= Exercise prompt =
Below are some entries. Repeat exactly the lines from the one with "- Gold continuing" through the one with "- 如安裝名稱中帶有「STM", and only those.

= Supplied entries =
== Segment start ==

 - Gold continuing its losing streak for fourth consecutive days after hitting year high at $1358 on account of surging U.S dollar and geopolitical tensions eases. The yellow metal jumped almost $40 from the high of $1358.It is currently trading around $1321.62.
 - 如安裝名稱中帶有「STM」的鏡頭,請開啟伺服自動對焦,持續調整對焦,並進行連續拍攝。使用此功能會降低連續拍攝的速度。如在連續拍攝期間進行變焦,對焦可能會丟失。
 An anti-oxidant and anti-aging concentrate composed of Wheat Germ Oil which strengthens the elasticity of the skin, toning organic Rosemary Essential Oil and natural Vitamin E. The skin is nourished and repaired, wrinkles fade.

== Segment end ==
== Segment start ==

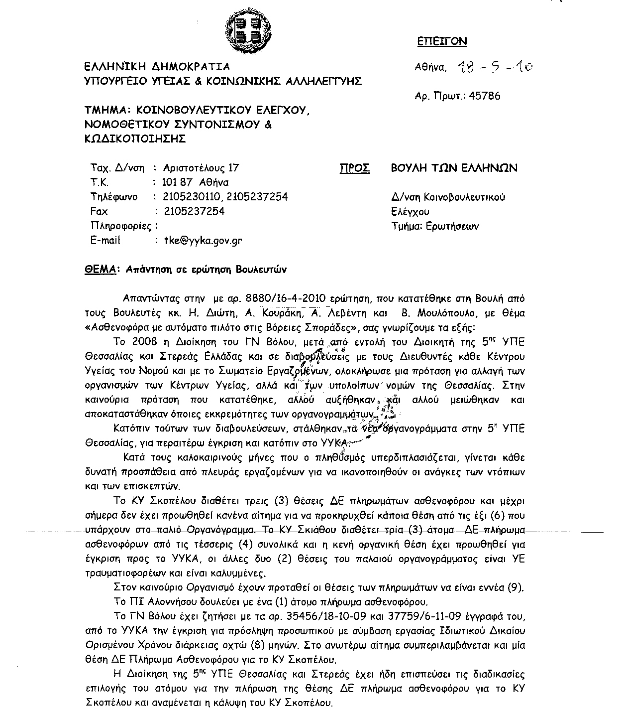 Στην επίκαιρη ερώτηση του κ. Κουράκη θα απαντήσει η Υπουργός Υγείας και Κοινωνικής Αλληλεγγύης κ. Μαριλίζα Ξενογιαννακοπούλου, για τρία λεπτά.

== Segment end ==
== Segment start ==

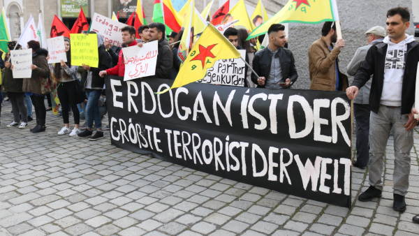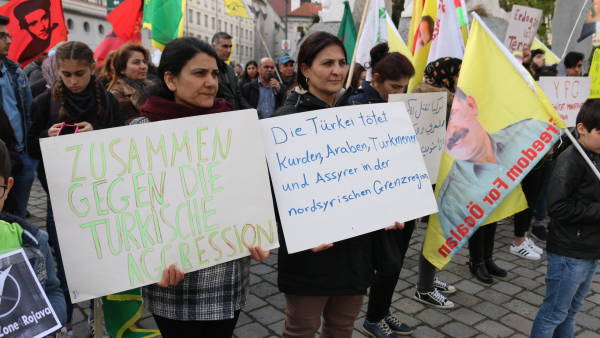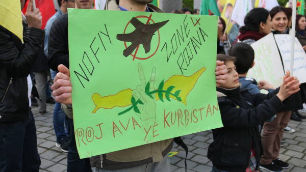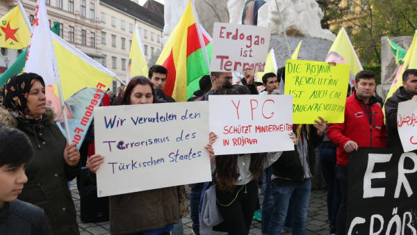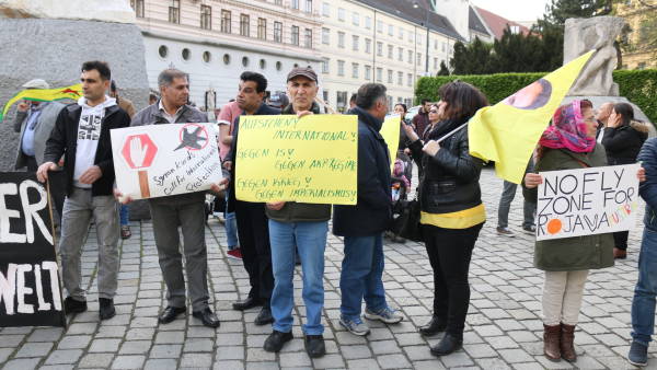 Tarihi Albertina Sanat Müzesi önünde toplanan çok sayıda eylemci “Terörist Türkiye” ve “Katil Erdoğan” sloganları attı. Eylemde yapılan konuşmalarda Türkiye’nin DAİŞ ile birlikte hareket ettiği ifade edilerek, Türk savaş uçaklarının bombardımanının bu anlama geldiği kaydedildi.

== Segment end ==

= Solved problem =
 - Gold continuing its losing streak for fourth consecutive days after hitting year high at $1358 on account of surging U.S dollar and geopolitical tensions eases. The yellow metal jumped almost $40 from the high of $1358.It is currently trading around $1321.62.
 - 如安裝名稱中帶有「STM」的鏡頭,請開啟伺服自動對焦,持續調整對焦,並進行連續拍攝。使用此功能會降低連續拍攝的速度。如在連續拍攝期間進行變焦,對焦可能會丟失。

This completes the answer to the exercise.